The limits of the Greens’ leftism

9 September 2013

From one side of the country to the other, the Greens’ vote dropped in this election. In Tasmania, home of party elder statesman Bob Brown, their portion of the vote halved compared with the 2010 election. In Western Australia, they were down by around one-quarter, in Queensland by two-fifths and South Australia by one-third.

In the Sydney seat of Grayndler, which the Greens have long earmarked as a possible win from Labor, the party’s share of the vote also dropped – as it did in the seat of Sydney. In both cases, Labor picked up a swing against the trend.

The Greens maintained themselves in Melbourne. Adam Bandt’s win in that seat came with a positive swing, increasing his vote by more than one-fifth. Elsewhere in the city, the party either got a positive small swing or kept the loss to a minimum.

In the Senate, despite their vote dropping by about one-third, they have managed to increase their representation.

The Greens tried to distance themselves from Labor in the run-up to the election, and to that extent they filled the space to the left of the ALP. But the left alternative that the party offers is little more than the sort of wet liberalism that even former Liberal Party Prime Minister Malcolm Fraser can endorse.

As Bandt noted on Sunday, after the election, his vote came from people “right across the political spectrum who said, ‛Tony Abbott doesn't represent the values of small-l liberalism that I hold.’”

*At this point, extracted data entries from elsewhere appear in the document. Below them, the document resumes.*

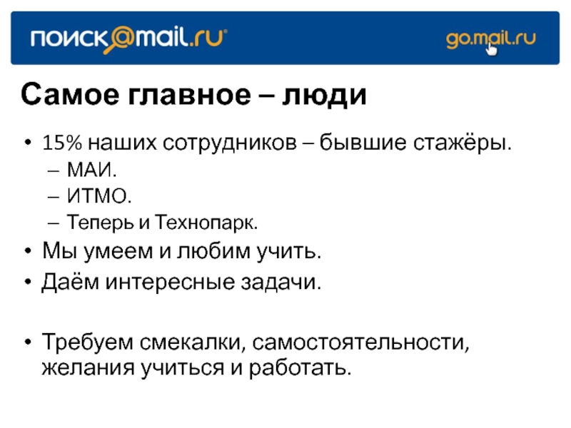 Самое главное – люди15% наших сотрудников – бывшие стажёры.МАИ.ИТМО.Теперь и Технопарк. Мы умеем и любим учить.Даём интересные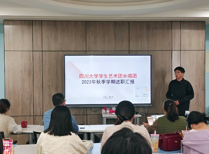 会议伊始,学生合唱团、民乐团、交响乐团、管乐团、戏剧团、舞蹈团、钢琴队、美术社、“美育大川”新媒体中心等9个团队轮流上台就2023年团队工作开展情况进行了述职报告,分别从工作推进、团队建设、现存问题、工作思考等方面进行总结汇报,对2024年度工作计划进行介绍。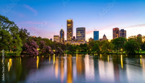 © Lampungg, Fototapeta premium Chicago skyline at dusk reflected in a park pond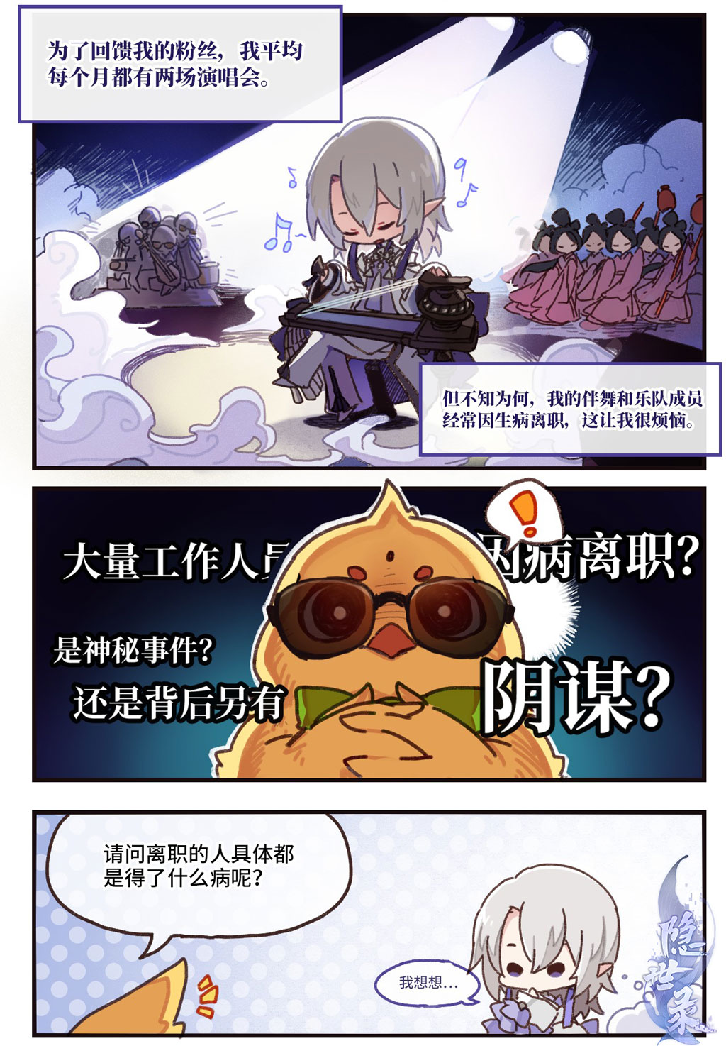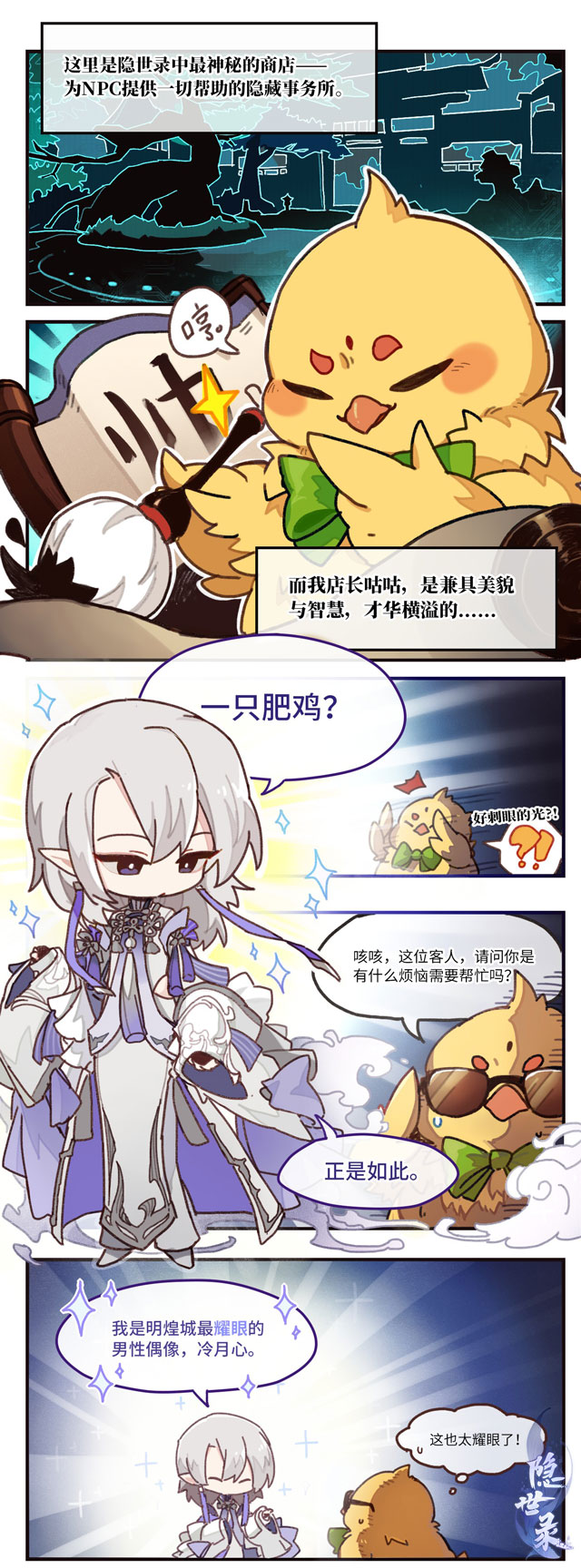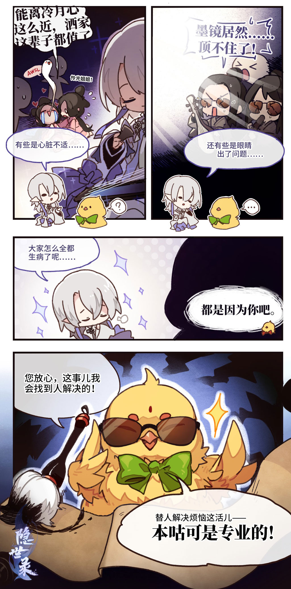 “虚假与真实“相遇,”“毁灭与重生”交错,穿越躁动的代码乱流,到达隐世表面最为安宁又繁华的明煌城……在网易首款BUG手游《隐世录》(隐世录官网:https://ysl.163.com/)这个核心主城里,玩家所耳闻过的最响亮的名字,莫过于魅香楼的头号巨星,隐世的超人气爱豆——冷月心。 冷月心表面上是唱作俱佳的偶像万人迷,因为“BUG”的干扰觉醒后却又展现着更多不为人知的一面……这样的他,最近烦恼着的却是…… 无法停止释放魅力的冷月心,面对纷纷“病倒”的同伴究竟要如何是好?号称能解决各类男体的事务所负责鸡——咕咕,又会怎样解决这个难题?欲知后事如何,可进入《隐世录》官网(https://ysl.163.com),或关注官方微博@隐世录手游,关注官方微信“隐世录手游”(yslsy163),系列隐世小剧场持续更新,更多福利情报将会陆续解禁! |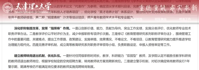今年2月份,天津理工大学发文提到,建立教师转岗退出机制,优化队伍。一是针对任同级职称时间长,教学、科研能力“双弱型”教师,及学院认定不能胜任教学科研岗的教师须退出教师岗位,根据学校制定的空岗招聘方案,转岗教师依方案竞聘新岗位。二是建立警示机制,对初次确定转岗教师实行1年警示期,期满考核仍不能满足岗位要求的教师实施竞聘转岗制度。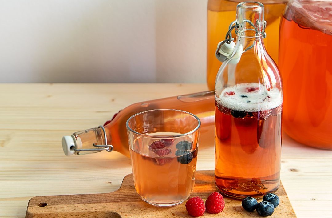 O kombucha é uma bebida fermentada produzida a partir de chás como o chá verde e chá preto em conjunto do iogurte kefir, contendo uma colônia de bactérias e leveduras, denominada scoby, que gera a fermentação.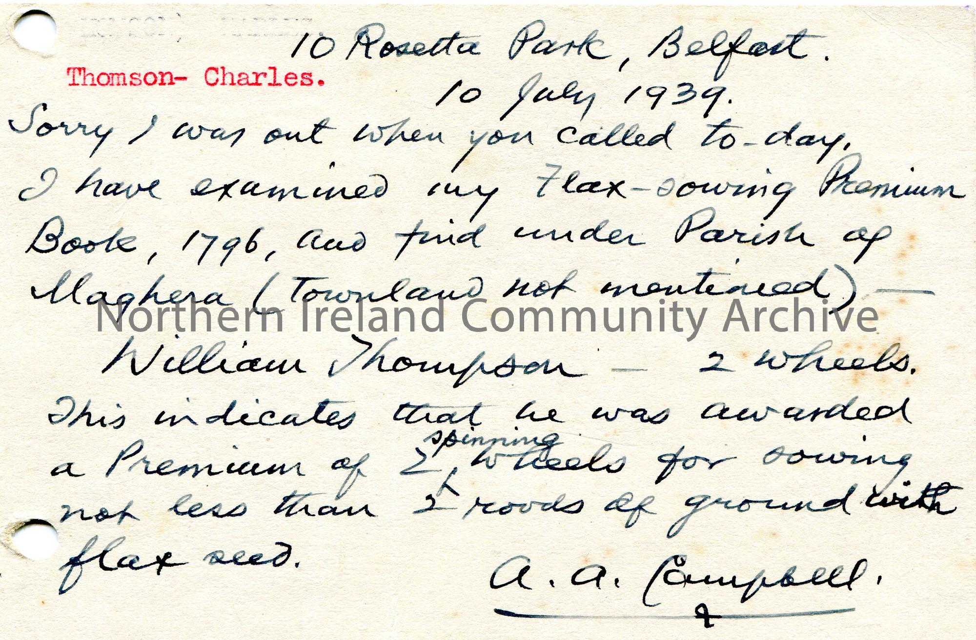 Handwritten postcard to Sam Henry, Sandelford, Coleraine. Red King George VI stamp on front. Date stamped as Belfast, 10th July, 1939. Re Charles Thomson. Searched his 'Flax-Sowing Premium Book' of 1796 for Sam and found William Thompson was awarded two spinning wheels.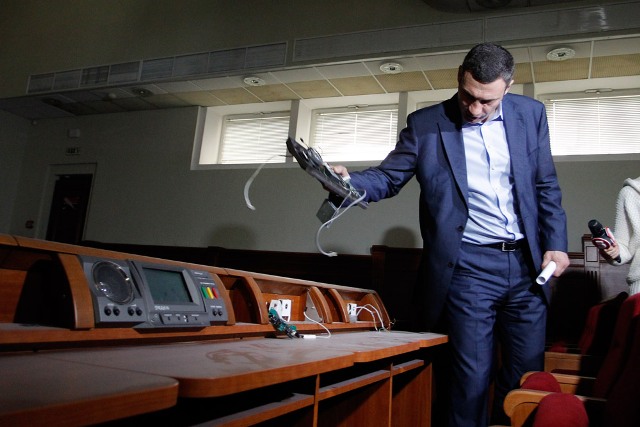Он отметил, что сейчас полностью уничтожена система для голосования в сессионном зале, поломанные стулья и столы в президиуме зала голосований, разрушена система коммуникации, вентиляции, кабельного обеспечения. «Посмотрите, есть даже отпечатки от выстрелов. Нам сказали, что в зале также взрывы гранат», - отметил Кличко.

The Greens have contributed to the general malaise of the left through their inability to articulate clearly a vision of the world in class terms. Where the Communist Party or the left wing of Labor in years past were able to galvanise supporters with a vision that put workers at the centre of political life, the Greens campaign for people of all classes simply to “care”.

This is no basis on which to build opposition to ruling class attacks. To create a genuine left opposition to the ALP, the Greens would need to galvanise those sections of the working class tired of both tough-talking sell-out politicians, and wishy washy political hand wringers. They would need to build a base in the unions with an eye to mobilising the class to fight for its own interests.

But the party has done little in this regard, and continues to show no interest in changing course.

The situation was clear in Tasmania, where they are in coalition with the budget-cutting ALP government and where the swing against the party was most savage. Tasmanian Greens Senator and former investment banker Peter Whish-Wilson highlighted the party’s problems before the election when he described weekend penalty rates as “just a white Anglo-Saxon cultural thing that we've inherited”.

Even though the party quickly rushed to disown this comment, it indicated that the party’s leading figures have little intention of trying to build working class resistance to employer and government attacks.